AIM OF THE TASK
Only the lines of the listing below that run from the line with "为表彰在2019年度参加体育" through the line with "hmlHYBRID FLEECE VEST" are to be set down, word for word. Pictures stay out.

== AVAILABLE DATA ==

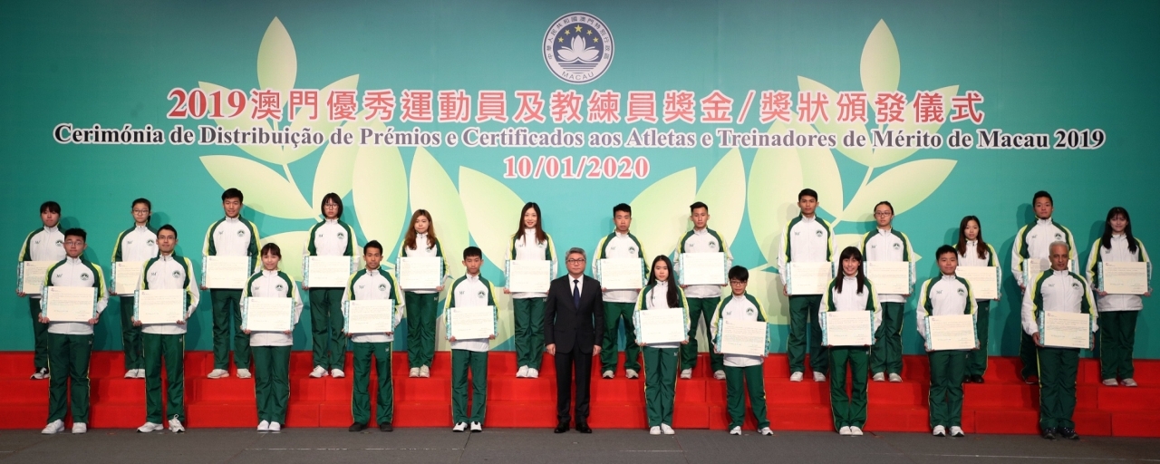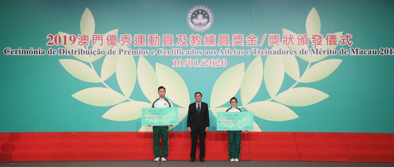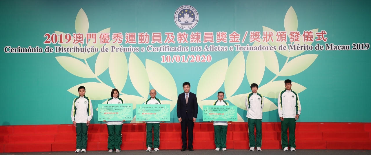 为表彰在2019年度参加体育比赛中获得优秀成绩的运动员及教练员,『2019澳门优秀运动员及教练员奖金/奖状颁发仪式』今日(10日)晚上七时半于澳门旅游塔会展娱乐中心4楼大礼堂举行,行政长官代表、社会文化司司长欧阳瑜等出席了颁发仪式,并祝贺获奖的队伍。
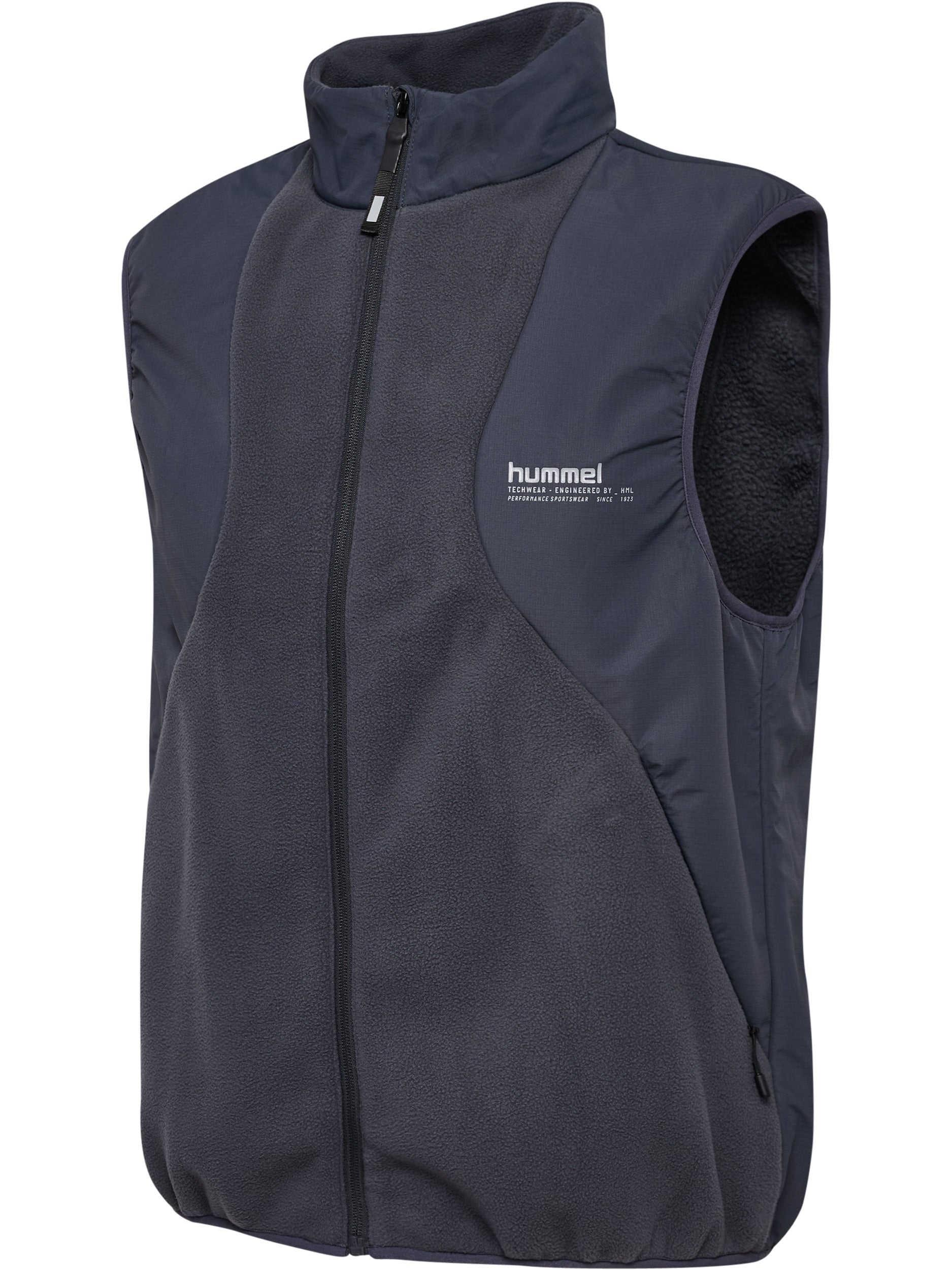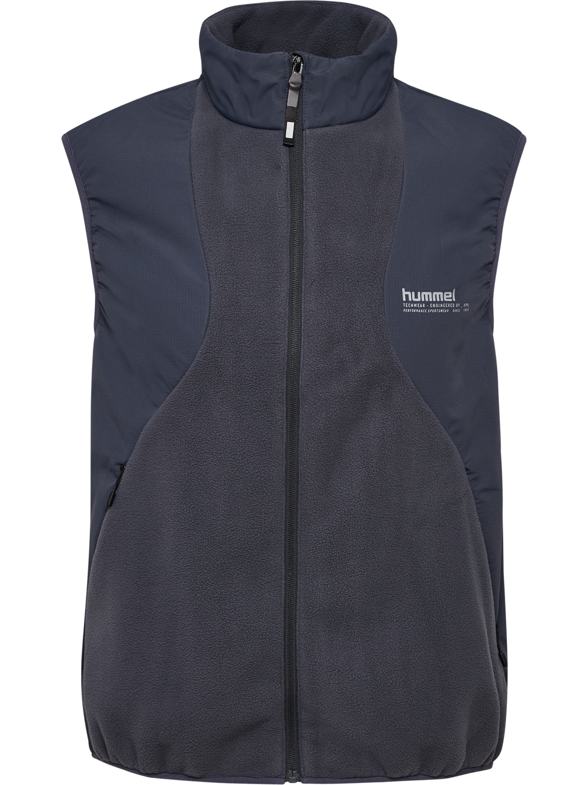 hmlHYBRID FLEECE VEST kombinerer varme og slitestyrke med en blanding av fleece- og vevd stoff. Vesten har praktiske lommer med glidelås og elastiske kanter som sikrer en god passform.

===
== AVAILABLE DATA ==

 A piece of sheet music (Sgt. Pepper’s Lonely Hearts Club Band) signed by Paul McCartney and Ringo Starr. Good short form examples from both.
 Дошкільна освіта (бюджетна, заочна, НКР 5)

===

WRITTEN RESPONSE
 为表彰在2019年度参加体育比赛中获得优秀成绩的运动员及教练员,『2019澳门优秀运动员及教练员奖金/奖状颁发仪式』今日(10日)晚上七时半于澳门旅游塔会展娱乐中心4楼大礼堂举行,行政长官代表、社会文化司司长欧阳瑜等出席了颁发仪式,并祝贺获奖的队伍。
 hmlHYBRID FLEECE VEST kombinerer varme og slitestyrke med en blanding av fleece- og vevd stoff. Vesten har praktiske lommer med glidelås og elastiske kanter som sikrer en god passform.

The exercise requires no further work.